Катриона не подслушивала, конечно. Просто стояла рядом, но не лезла в их разговор. У неё появилось развлечение — она брала наугад книгу со средней полки (на нижней и верхней стояли какие-то совсем уж заумные, только Каттену с Винтерхорст и читать) и пролистывала, отыскивая вклейки с рисунками. То есть, с оттисками гравюр, как сказал Меллер. Он показал свою печатку для примера и объяснил, что для книг вырезается целая выпуклая картина, которую потом покрывают типографской краской и отпечатывают её на листах бумаги. Катриона представила себе, как какой-нибудь мастер вырезает обстановку целой комнаты или вообще лесистый берег реки, и только головой покачала: ничего себе! Это сколько же труда приходится вложить в один-единственный рисунок в книге.
— Зато тепло, светло, и волки с разбойниками не так опасны. — Это Меллер ответил как бы племяннице.
Мадлена старательно вздохнула, явно подражая кому-то из взрослых.
— Ладно, — решила она. — Тогда привези мне, пожалуйста, двух кукол, каких мы у тёти Лаванды видели. За этот Солнцеворот и за будущий, — торопливо прибавила она, видимо, чтобы её не упрекнули в жадности. — Они у меня будут в гости ходить друг к другу.
— Хорошо, — сказал Меллер. — Будут тебе две куклы. А пока иди, Мышка, мне с твоей тётей надо поговорить наедине.
Мадлена послушно ушла, а Катриона нахмурилась, представив себе, какие игрушки покупала Елена Ферр своим детям. Что-нибудь вроде того ночника с хвастливыми охотниками, наверное.
— Это дорого? — спросила она напрямик.
— По-разному, — пожал плечами консорт. — Кто-то ведь дарит девочкам кукол, чтобы играли, а кто-то — чтобы усадить на видном месте и демонстрировать гостям.
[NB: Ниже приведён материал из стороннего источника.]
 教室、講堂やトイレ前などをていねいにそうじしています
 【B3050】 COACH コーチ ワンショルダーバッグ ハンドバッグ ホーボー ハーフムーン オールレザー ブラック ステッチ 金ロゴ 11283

Я сам знавал матерей, которые запрещали трогать такие подарки: сломаешь, испачкаешь, помнёшь, разорвёшь… И ходит потом дочка кругами, смотрит на дурацкий лиловый шёлк и думает, что лучше бы это была обыкновенная деревянная кукла в простом платье, тогда бы её никому жалко не было.
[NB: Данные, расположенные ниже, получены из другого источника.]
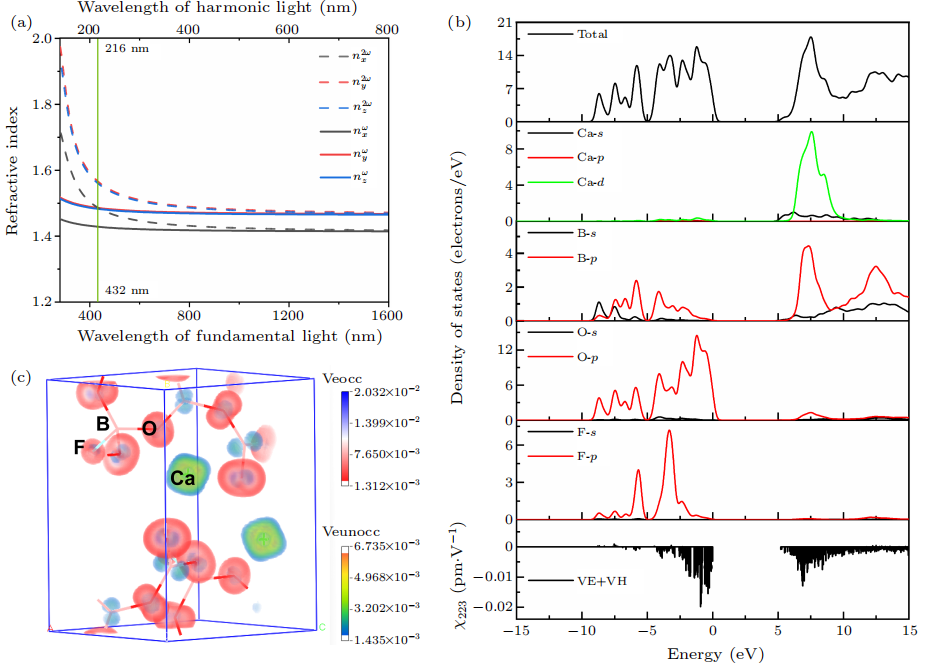 (a) CaB₃O₅F-VII的折射率色散关系及其最短SHG相位匹配波长(λPM)。(b) CaB₃O₅F-VII的态密度(DOS)和能带分辨的二阶非线性极化率(χ²₂₃₃)。(c) 在虚电子(VE)过程中,CaB₃O₅F-VII的已占据和未占据态SHG密度
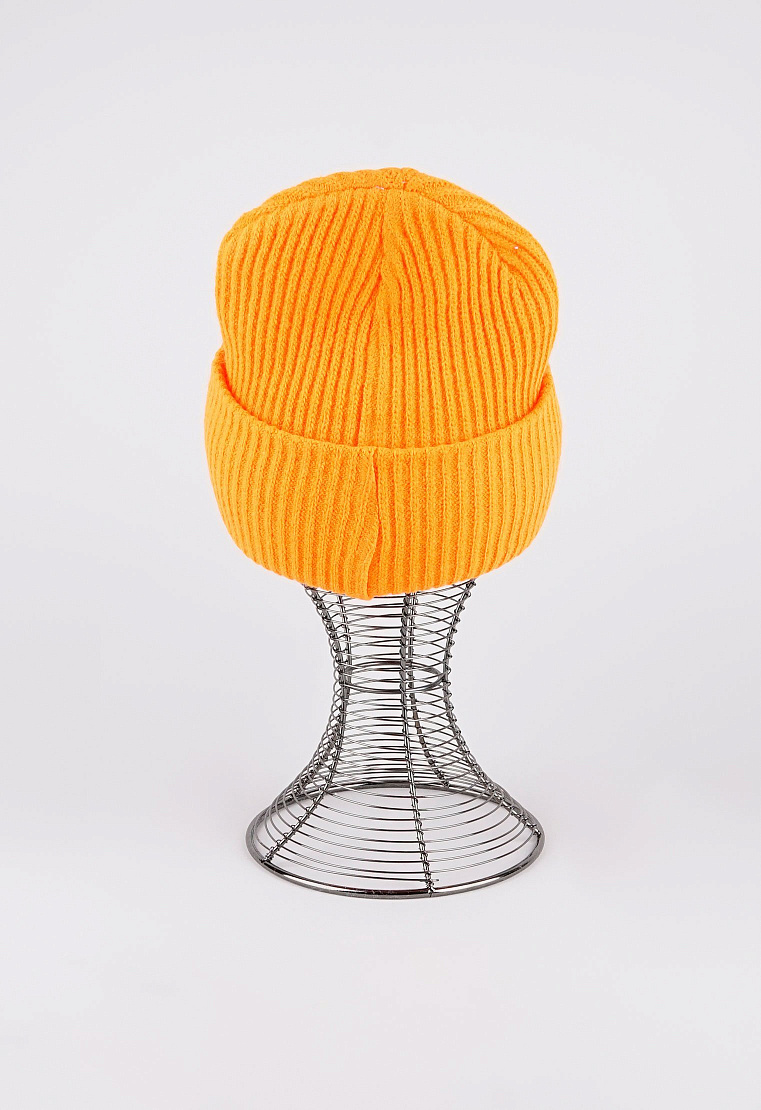 Стильная шапка изготовлена из утеплённой ткани и представлена в новой коллекции в оранжевом цвете. Современный крой выполнен в технике рельефной вязки и дополнен классическим отворотом. Нити натуральной шерсти обеспечивают комфорт, акрил придаёт изделию мягкость. Актуальный аксессуар идеально сочетается с элементами повседневного гардероба.
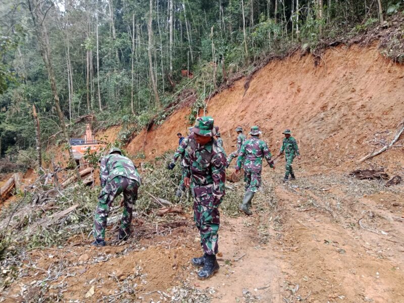 Takengon – pilargayonews.com|Satuan Tugas (Satgas) TNI Manunggal Membangun Desa (TMMD) ke-126 Kodim 0106/Aceh Tengah terus melanjutkan kegiatan fisik di lokasi sasaran. Memasuki hari ke-9 pelaksanaan, Satgas TMMD bersama masyarakat melakukan gotong royong membersihkan pepohonan di sepanjang jalur sasaran TMMD titik nol yang berada di Desa Kute Keramil, Kecamatan Linge, Kabupaten Aceh Tengah.
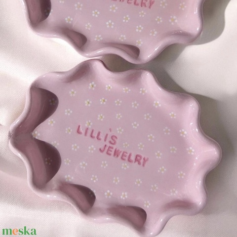 Rózsaszín kézzel formázott virágmintás ékszertartó tálka, egyedi névvel, trendi ajándék nőknek

— Вот пусть и будет обыкновенная деревянная, — буркнула Катриона.
Меллер кивнул, чуть усмехнувшись чему-то, а потом вдруг спросил:
— Вы твёрдо решили, что не поедете?
Катриона помедлила, но упрямо мотнула головой.
— Не поеду, — подтвердила она.
Меллер помолчал, откровенно разглядывая супругу, словно за почти уже год не насмотрелся на неё во всех видах. И хоть присел он бочком на край кровати, Катрионе почему-то так и представилось, как сидит он за рабочим столом в настоящем кабинете и выслушивает отчёт своего управляющего. Неприятный такой отчёт. О том, что дела идут хуже некуда и что делать с этим — непонятно.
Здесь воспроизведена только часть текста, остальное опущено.